Why I stopped calling myself “shy”.
For most of my life I told people I was shy.
It was true enough that nobody questioned it, including me. But underneath that word was something I wasn’t ready to look at.
I wasn’t shy. I was protecting myself from being seen, and “shy” was the acceptable version of a feeling that runs much deeper. Most of us are carrying some version of it. We just dress it up in language that’s easier to say out loud. Such as: I don’t like attention, I don’t want to be too much, I don’t want to bother anyone. Those can be honest statements, and they can also be shame wearing a costume.
The distinction that takes the weight off your shoulders
Most people use the words “guilt” and “shame” as if they mean the same thing. They don’t. Guilt is “I did something bad.” It shows up when you act, speak, or even think in a way that crosses your own standards, and in that sense it can be useful, because it points at a behavior you can change.
Shame is “I am bad.” It takes the same moment and turns it into an identity. I’m someone who shouldn’t speak up. I’m someone who shouldn’t be seen. Researchers who study these two emotions have found that guilt tends to move people toward repair, while shame tends to make them want to disappear. One is about something you did. The other is about who you are, and that is why it deflates you so completely.
Why shame feels physical
Watch what your body does the next time shame moves through you and you’ll notice it pulls you down. The shoulders round forward, the chest caves, the head drops, the eyes find the floor.
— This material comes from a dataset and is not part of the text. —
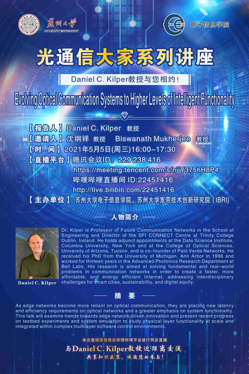 光通信大家系列讲座| Daniel C. Kilper教授与您相约 !
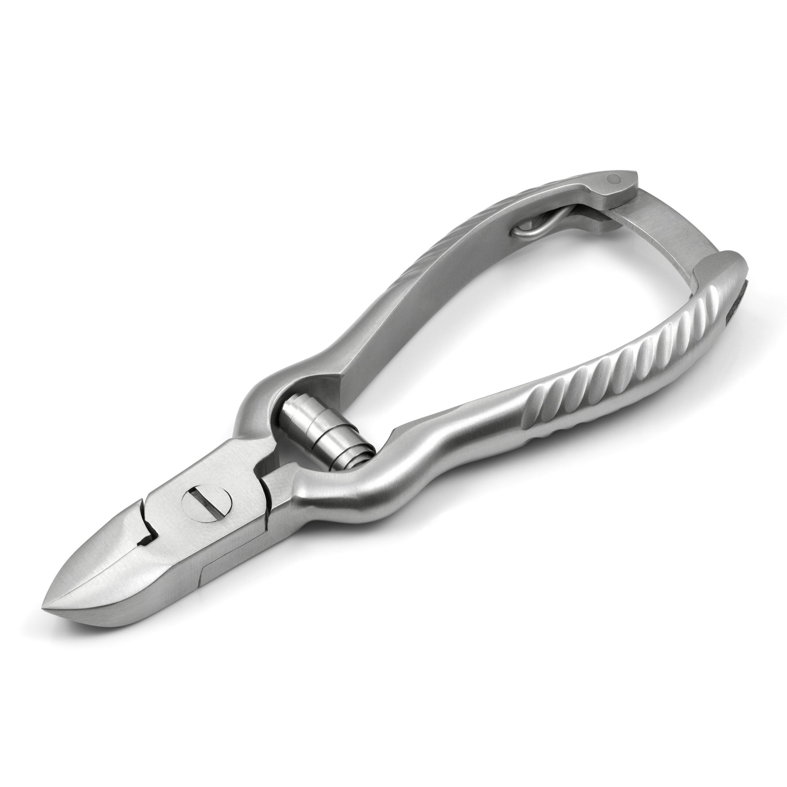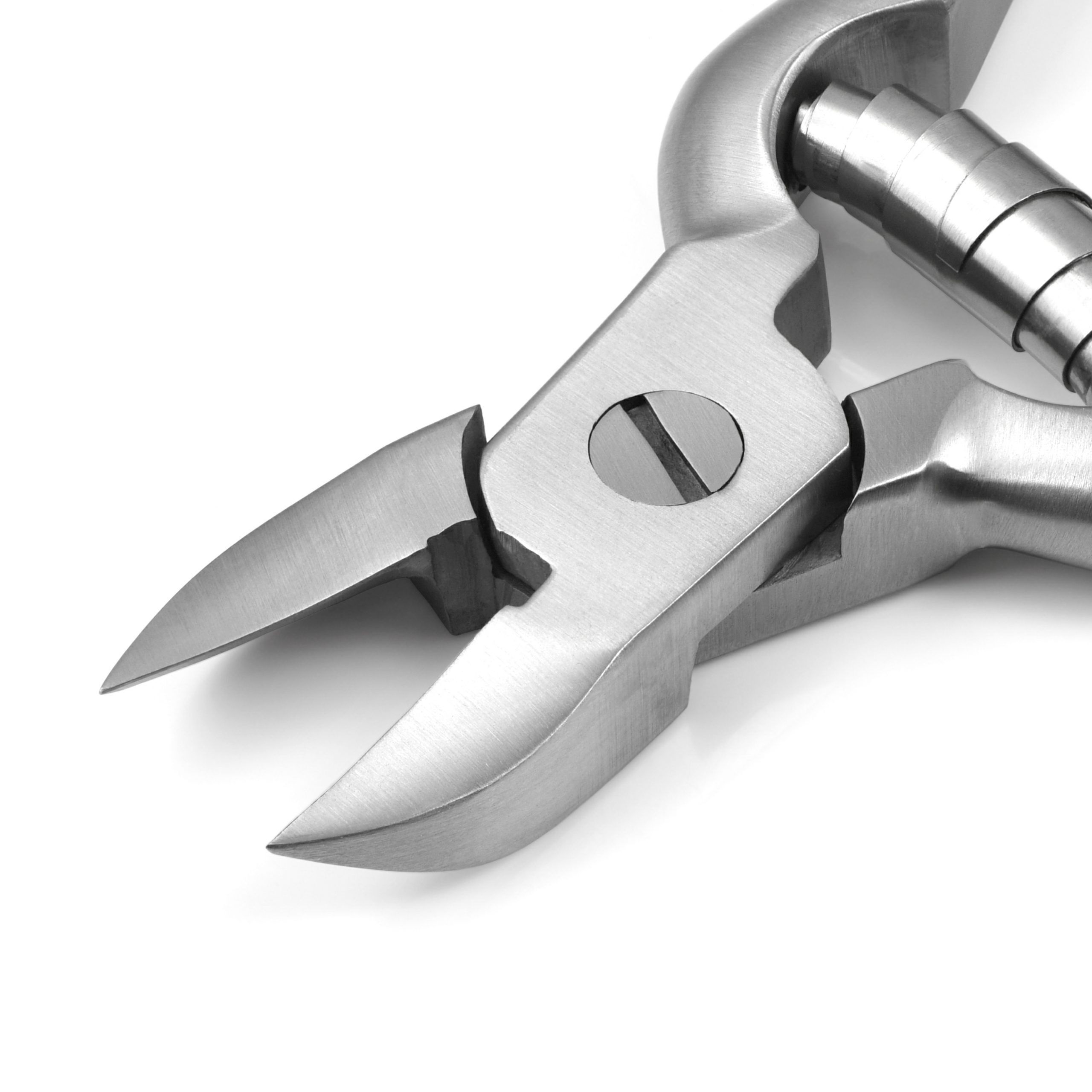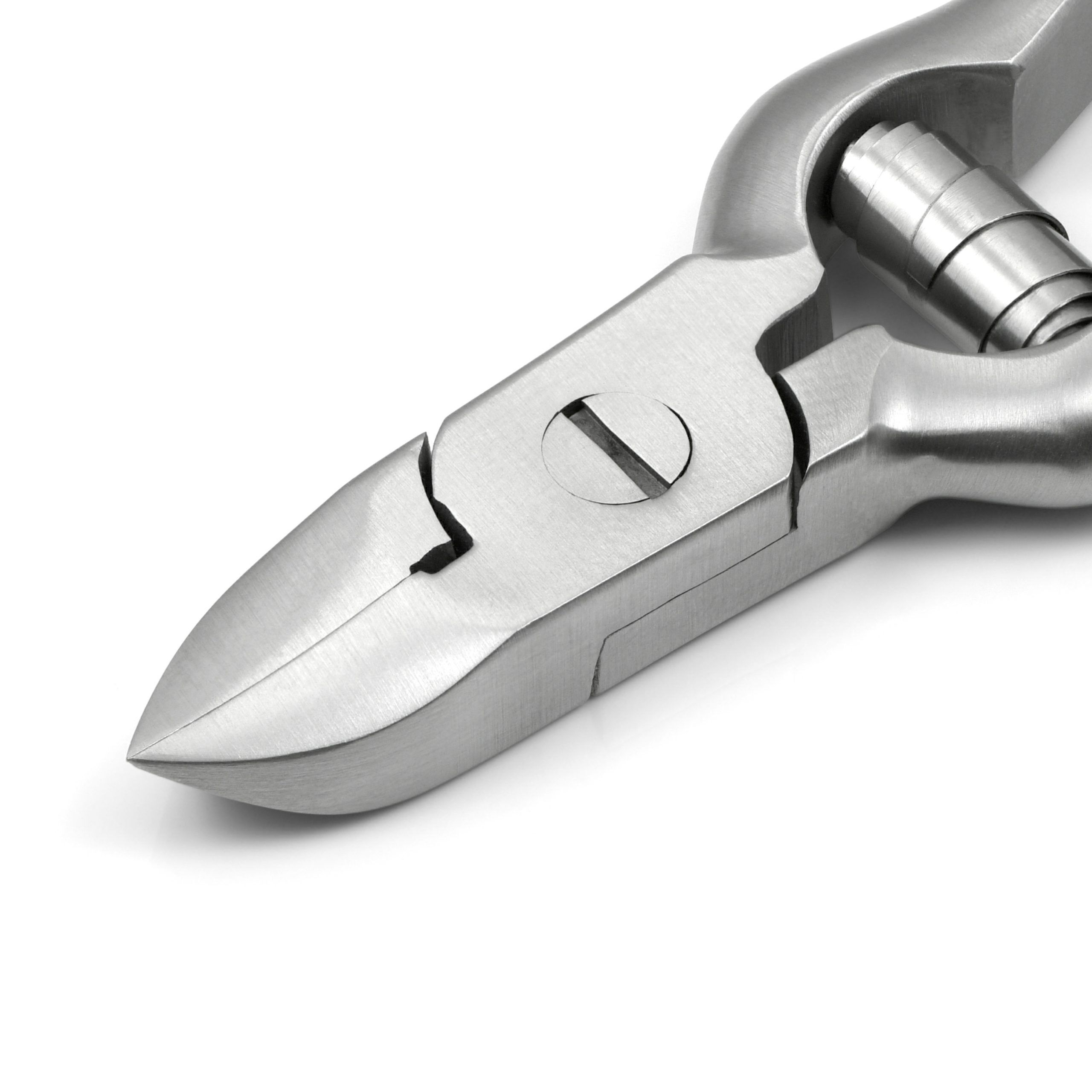 Alicates de uñas de alta calidad para manicura y pedicura. Las mandíbulas en ángulo son perfectas para cortes fáciles y limpios de las uñas sin romperlas. Están hechos especialmente para cortar sin esfuerzo las uñas gruesas del pie.

Shame is one of the oldest survival mechanisms we have. For most of human history, being out of step with your group carried real consequences.
Rejection from the tribe could mean death, so your nervous system learned to keep you small and tucked in whenever you sensed you might be exposed. The front of your body holds your most vulnerable places, the throat, the heart, the soft belly, and the collapse is your body curling around them to protect them. This is why shame is so hard to think your way out of. The feeling arrives as a physical posture your body drops into before you have even formed a sentence about it.
The response that releases shame instead of feeding it
The thing that releases shame is empathy, and most of us reach for the opposite. Picture a friend telling you they feel embarrassed about something. If you say “don’t worry about it,” it sounds kind, but it tends to deepen the shame, because you have just told them the feeling should not be there.
What helps is staying with them and feeling into why it showed up at all. Brené Brown, who has spent her career studying shame, points to empathy as its antidote for exactly this reason. The same rule runs inside you. When something shameful surfaces and you bury it or tell yourself to toughen up, you feed it. When you turn toward it with something closer to compassion, it gets room to move.
Research on self compassion has found a similar pattern, that meeting your own pain with warmth appears to lower shame and quiet the harsh self talk that travels with it. The thing you were hiding was rarely the real problem. The hiding was doing most of the damage.
A two-minute practice to try right now
You can work with this directly, and you need nothing but a few quiet minutes. Sit down and let your body take the shape it goes into when you feel ashamed. Don’t make it neat. Round forward, drop your head, let yourself collapse the way you actually would. Then breathe. Inhale into your ribs and feel your back widen, and exhale slowly through your mouth.
Your only job in this moment is to observe, not to fix. Notice the protection in the posture without judging it. As you keep breathing, see if you can find the part of you that is watching all of this, because you are both the one hiding and the one who can see the hiding. Now place one hand on your heart and one hand on your belly, and say quietly to yourself, I see this part of me, and I acknowledge it.
You are offering a part of yourself the empathy it never received, which is the same thing that would help a friend, simply turned inward. Stay there for a few breaths longer than feels comfortable. Something usually softens.
What changes when you stop hiding
The parts of us we hide are not dangerous. They became that way only because we treated them as something to keep out of sight, and the hiding quietly drained energy we could have been using to live. When you let one of them be seen, even if the only witness is you, it stops needing so much of your strength to stay buried.
This came from one of the weekly Self Expansion Practices I teach , where we take an idea like this one out of the head and move it through the body, and there is more of that work waiting inside SelfExpansion.app if you want to go further with it. (For refrence the recording of this one was released 6-10-26, and is called Practice for Processing Shame)
For now, start with what is above. Choose one thing you have been dressing up in an easier word, sit with it, and tell it the truth. I see you. That is where it begins to change.